Even if you do not frequent the farmer’s market or participate in a community garden, legislation like this will impact your grocery bill: food prices are likely to rise as their production becomes more concentrated, both because of the price-fixing power wielded by corporate monopolies, but also because the resulting vast monocrops, we know already, are much more vulnerable. There is greatly increased risk of an entire crop failure – if only a few farms are certified to grow spinach, one bug that likes spinach is all it takes to seriously jeopardize the entire harvest. Funnily enough, this bill is meant to address issues of food safety and security – we only have to look at how dramatically it fails to do so to figure there must be something else going on.
But farmer’s stalls, lemonade stands – these are really beside the point, and are unlikely to be facing any real enforcement; it would just be too much, we don’t have the resources to go around shutting down farmer’s markets – and it’s unnecessary, in any case, because of what this bill is actually about. Seeds. Seed control is the whole point of all this. Control of food is power – this is so widely acknowledged that it is discussed openly as a military and political strategy – and control of seeds is control of food at the source. As the bill stands right now, it covers only seeds that you eat, which is a much larger array of foods that you probably recognize, including most staple foods – it’s not just that you won’t be able to sell sunflower seeds to crunch on, that’s also potatoes, kumara, garlic, onions, wheat, rice, corn, and on and on and one. But, as much of the commentary points out, it’s a fairly small step, likely one court ruling, before not-for-consumption seeds become food, in that they are “capable of being used for human consumption”. It doesn’t mean it will happen that way, but somehow it seems reasonable from where I sit now to assume that it will. Even if it does not, much of the battle is already won: the relative difficulty in enforcing this law for farmer’s markets and roadside stands ceases to be an issue, because the only seeds they can get are Monsanto’s anyway.
However, according to guerillamedia (scroll down about halfway), this bill is legally treasonous and a breach of the Treaty of Waitangi – as my Maori pronunciation borders on offensive, I’ll let you read the details for yourself on the website, but the bottom line is that as the Queen’s representative, the Governor-General has veto powers on this bill, as the Treaty of Waitangi is more binding than the Codex Alimentarius, under Crown law.
As for law – “The law is the framework within which citizens consent to be governed. Democratic theory is that having elected their lawmakers (legislators), citizens recognise the legitimacy of the laws made ontheir behalf by the lawmakers and consent to abide by those laws.” So your consent is required in order to be governed; you can revoke your consent of this bill. You can also revoke your consent to be represented by your local MP. Legislation is applicable only with the consent of individuals, but you must formally revoke it – you must inform your MP the you are no longer represented by him or her, and fill out a Claim of Right application and have it notarised. If it’s not contested, you’re out!
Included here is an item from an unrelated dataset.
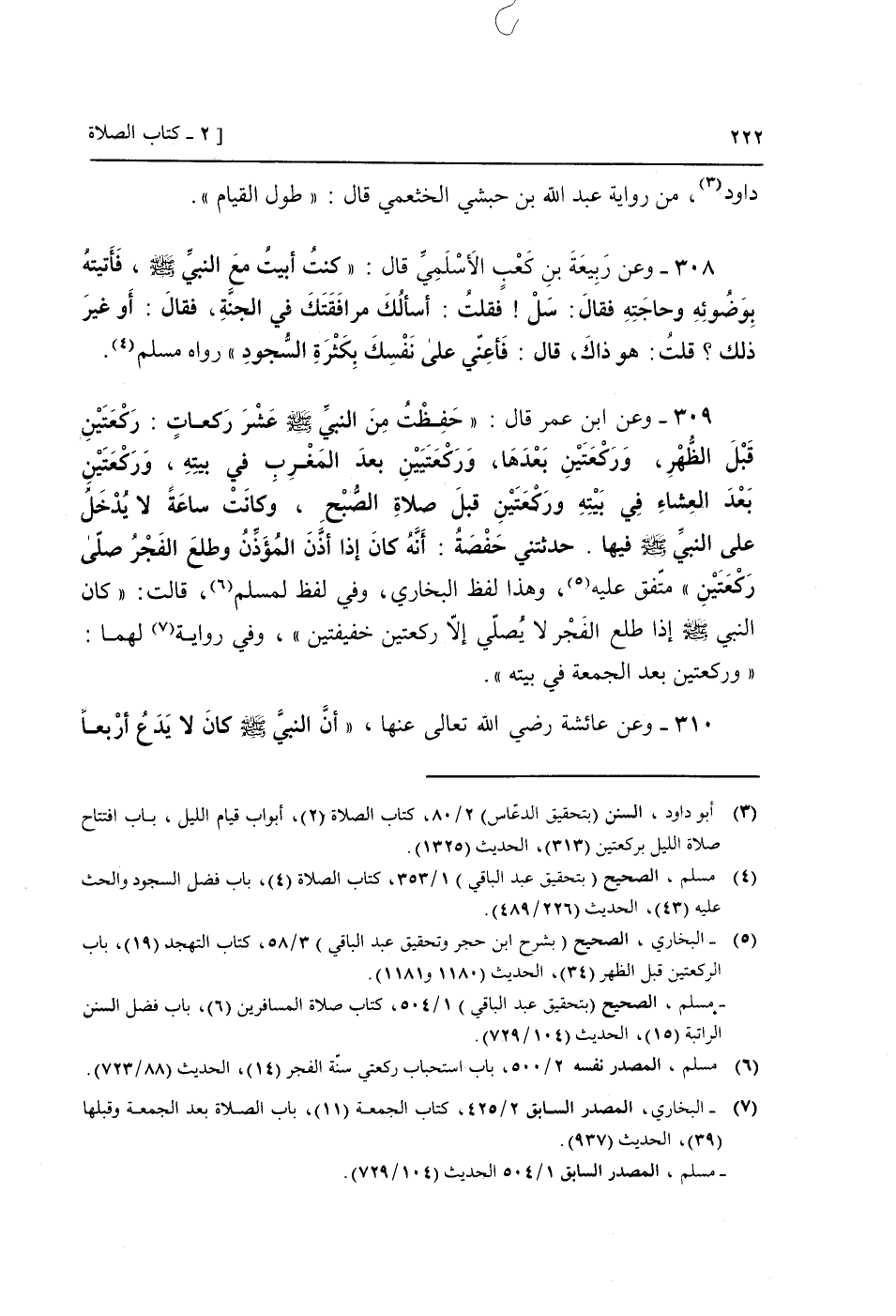 308 - وَعَن ربيعَة بن كَعْب الْأَسْلَمِيّ قَالَ: " كنت أَبيت مَعَ النَّبِي صَلَّى اللَّهُ عَلَيْهِ وَسَلَّم َ، فَأَتَيْته بوضوئه وَحَاجته فَقَالَ: سل! فَقلت: أَسأَلك مرافقتك فِي الْجنَّة، فَقَالَ: أَو غير ذَلِك؟ قلت: هُوَ ذَاك، قَالَ: فأعني عَلَى نَفسك بِكَثْرَة السُّجُود " رَوَاهُ مُسلم.

The not-so-rad thing is that this little detail, the ability to opt out, means that this bill is barely not-treason. Without this clause we couldn’t even be talking about this bill, so let’s make use of it. The success of this bill relies on our compliance, our apathy, our political disengagement, and it’s exactly what they’re counting on. The forces behind this bill – the WTO, agribusiness, corporate government – they believe that we are blind, and stupid, and that we will continue to allow the degradation of our civil rights, that we will, in fact, agree to it. But I do not, and if I were a resident I would have done this already. If you can, I urge you to try.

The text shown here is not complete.